*Task requirements*
Only the lines below from the one containing "Philadelphia Eagles quarterback" through the last line should be set down, exactly as written and with no pictures.

*Records from a data collection*
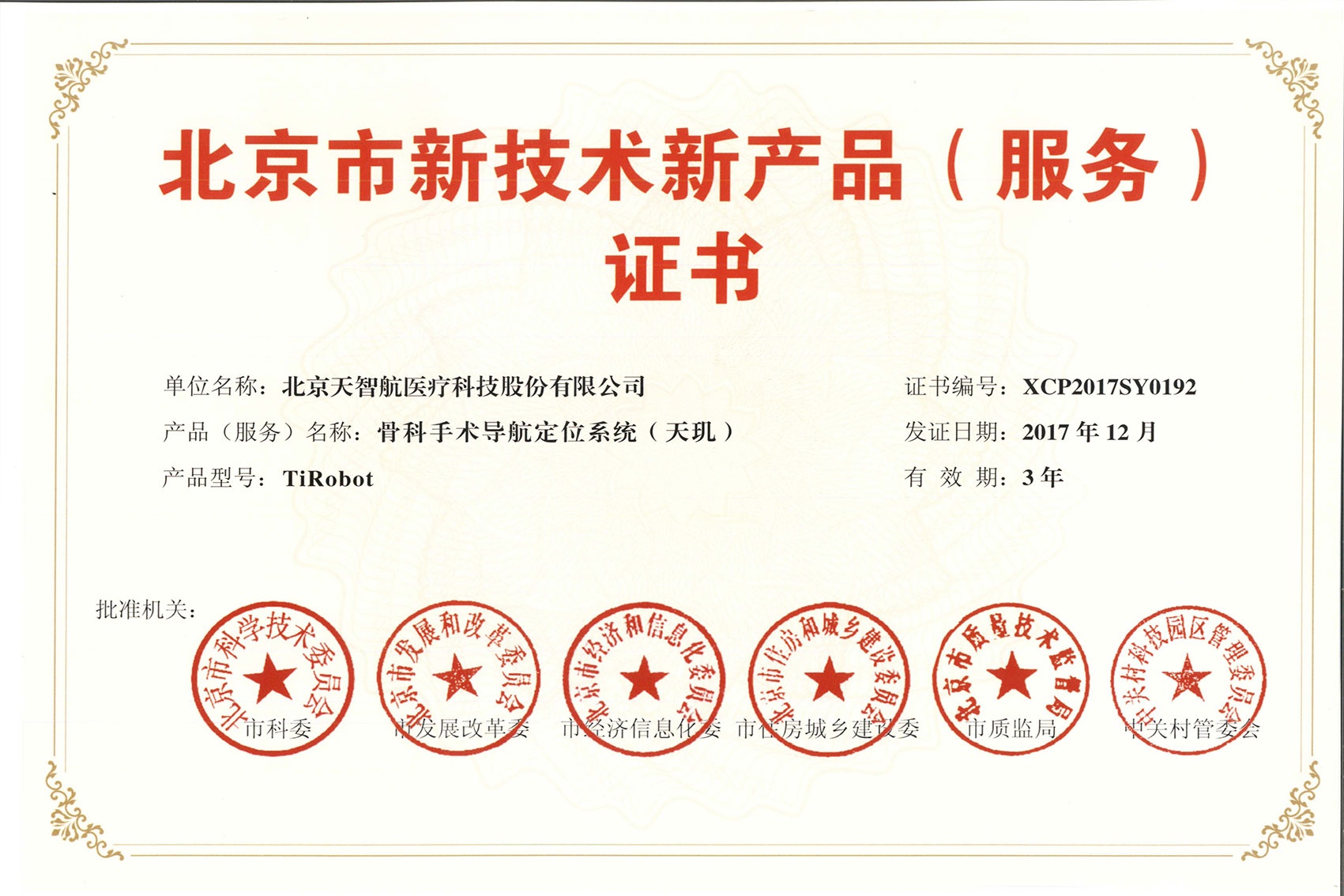 2017-北京市新技術新產品服務證書
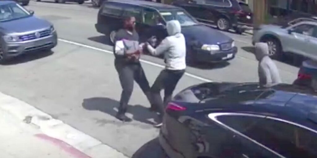 In the video,he victim is seen getting out of his car parked on Piedmont Avenue when two assailants drive up alongside and then push him onto the sidewalk. One of the two males in sweatshirts appears to have what looks like a gun as they take the keys from the victim’s hand and turn to his car.
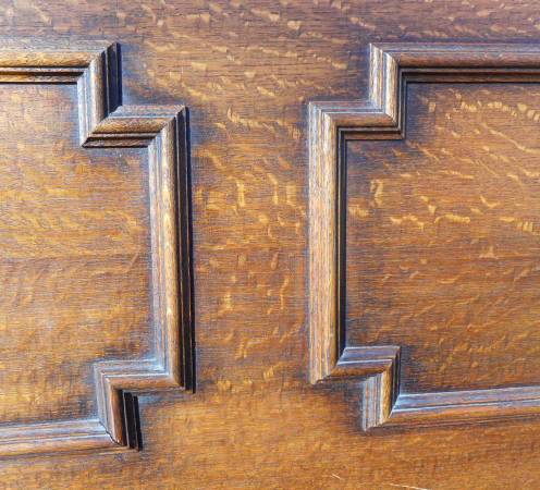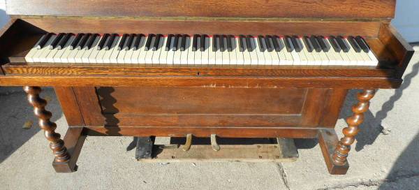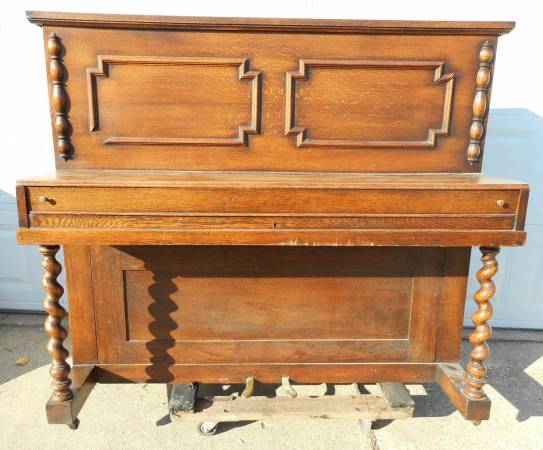 Antique oak Empire style piano is 56" long, 22 ¾" wide and 47" high without the wheels (one wheel is missing). The only marking I could find is a faded paper label and the embossed numbers 10308
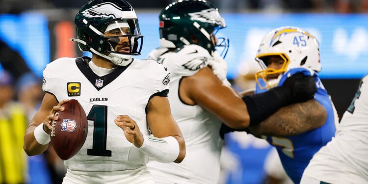 Philadelphia Eagles quarterback Jalen Hurts (1) prepares to throw a pass during the first half of an NFL football game against the Los Angeles Chargers, Monday, Dec. 8, 2025, in Inglewood, California. (AP Photo/Caroline Brehman)
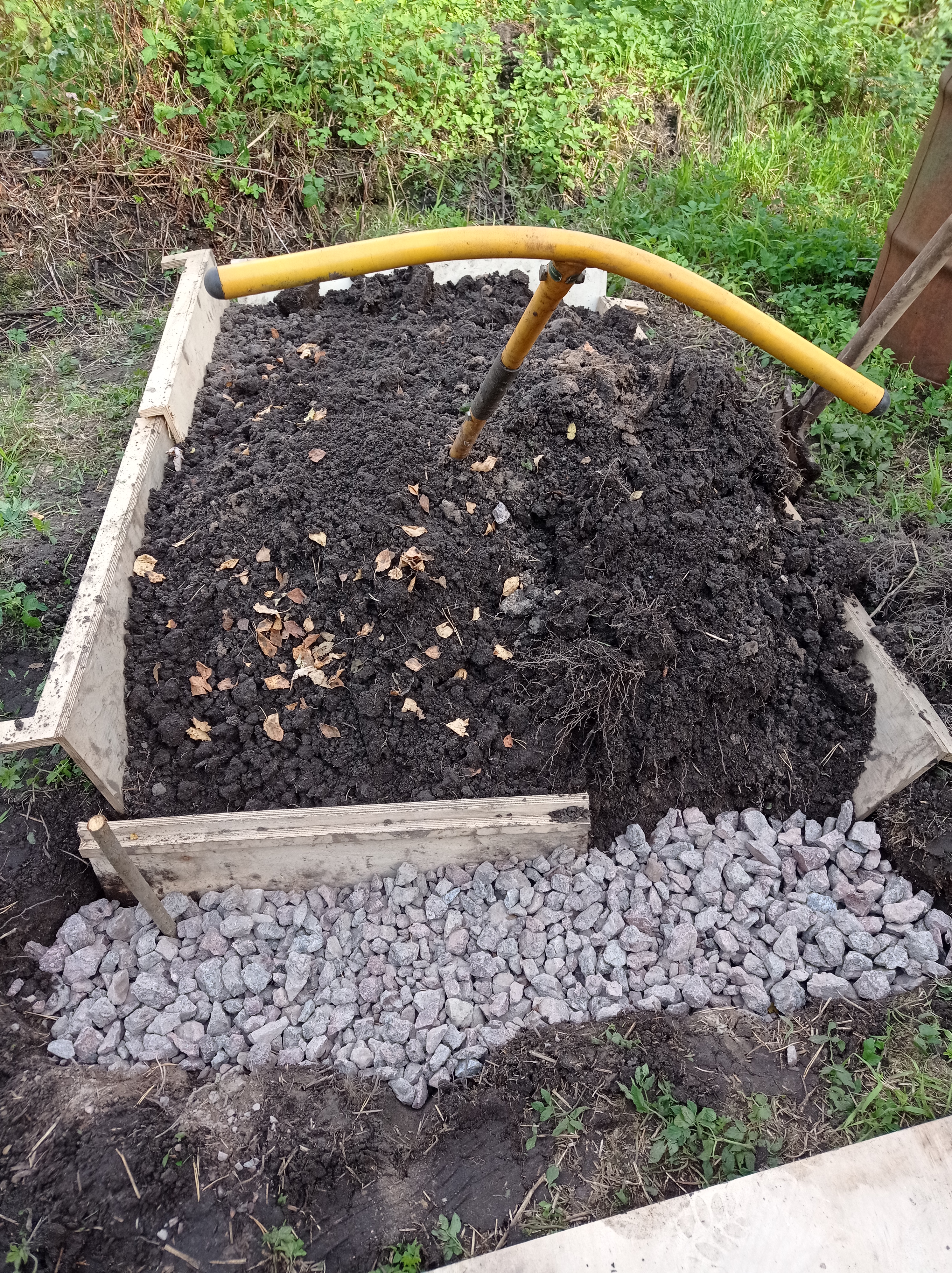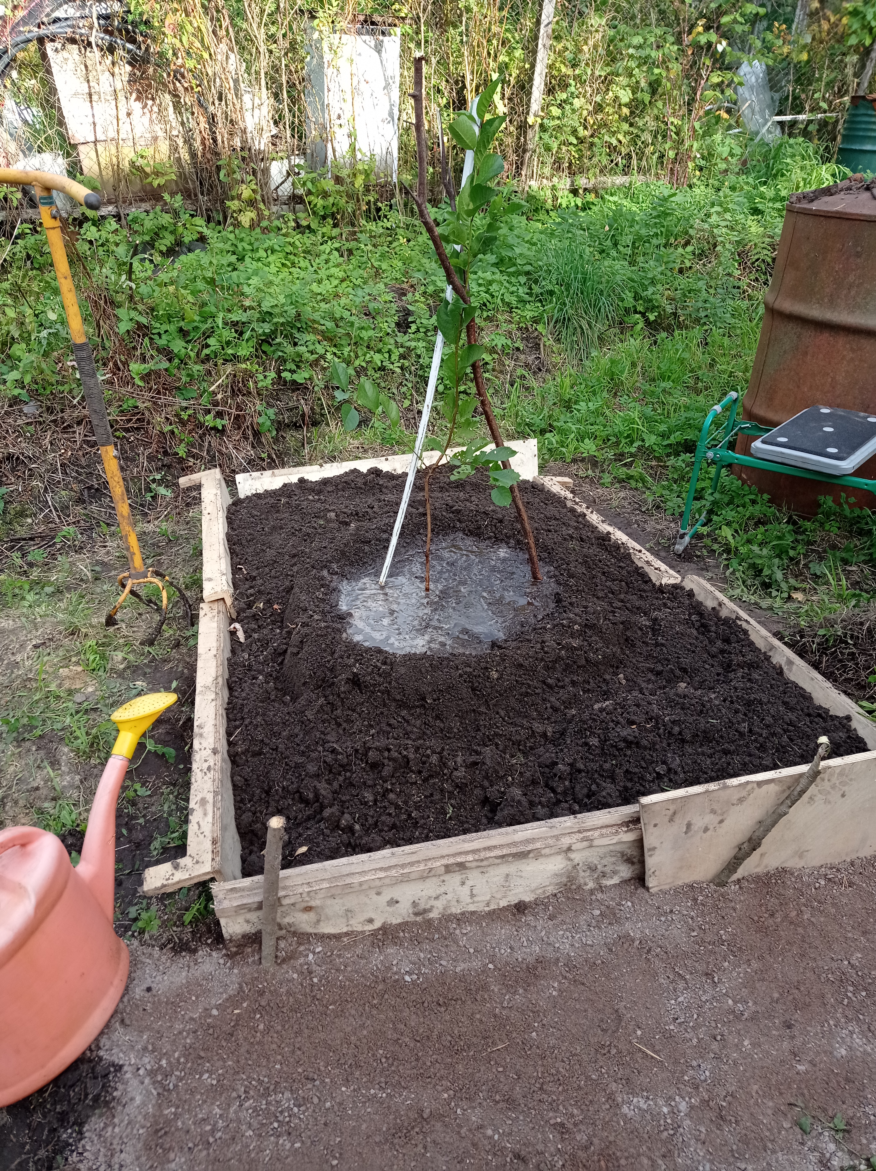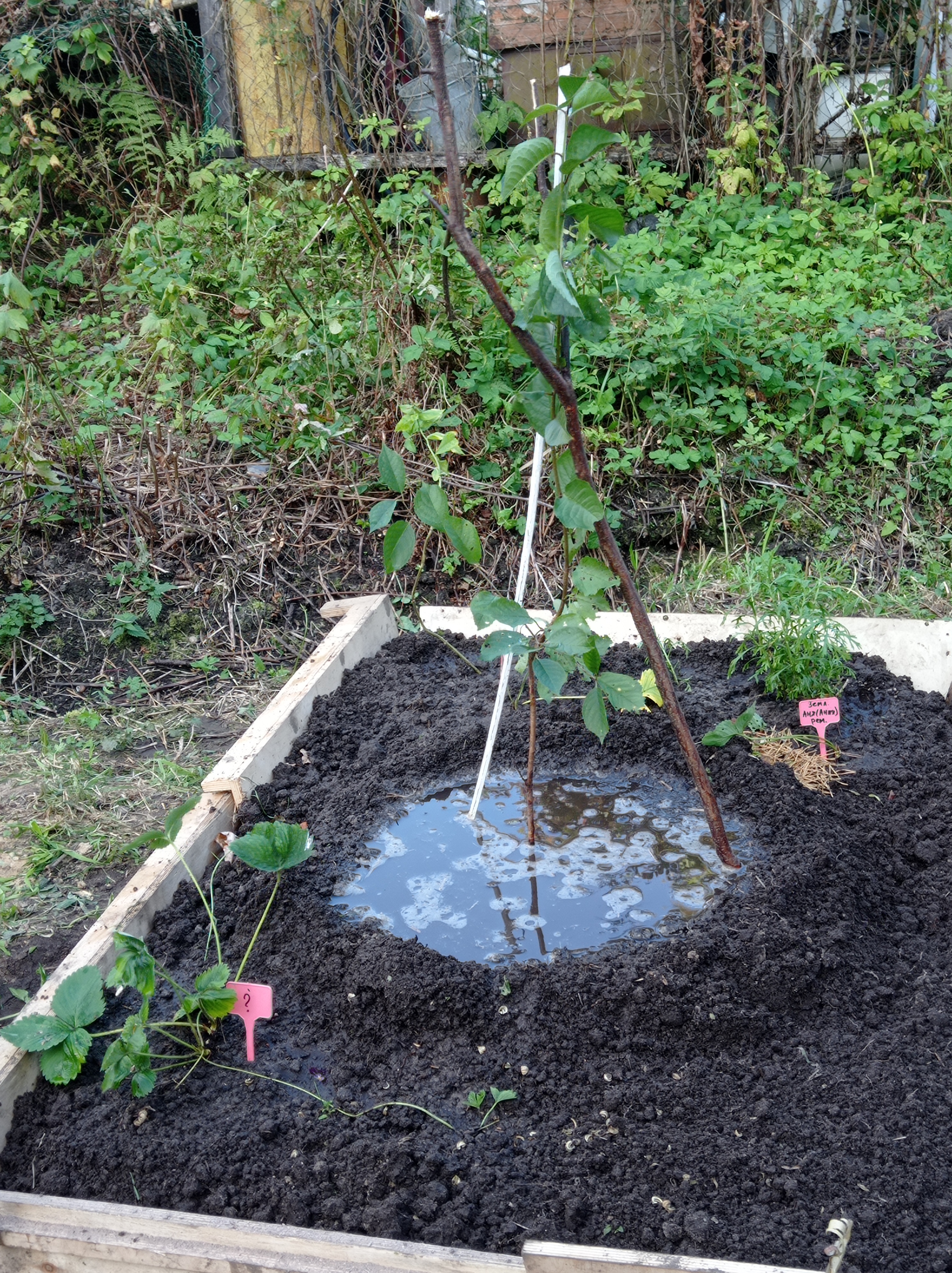 Копала грядку на целине, формировала дорожку, пересадила туда маленькую вишенку.

*Solved problem*
 Philadelphia Eagles quarterback Jalen Hurts (1) prepares to throw a pass during the first half of an NFL football game against the Los Angeles Chargers, Monday, Dec. 8, 2025, in Inglewood, California. (AP Photo/Caroline Brehman)
 Копала грядку на целине, формировала дорожку, пересадила туда маленькую вишенку.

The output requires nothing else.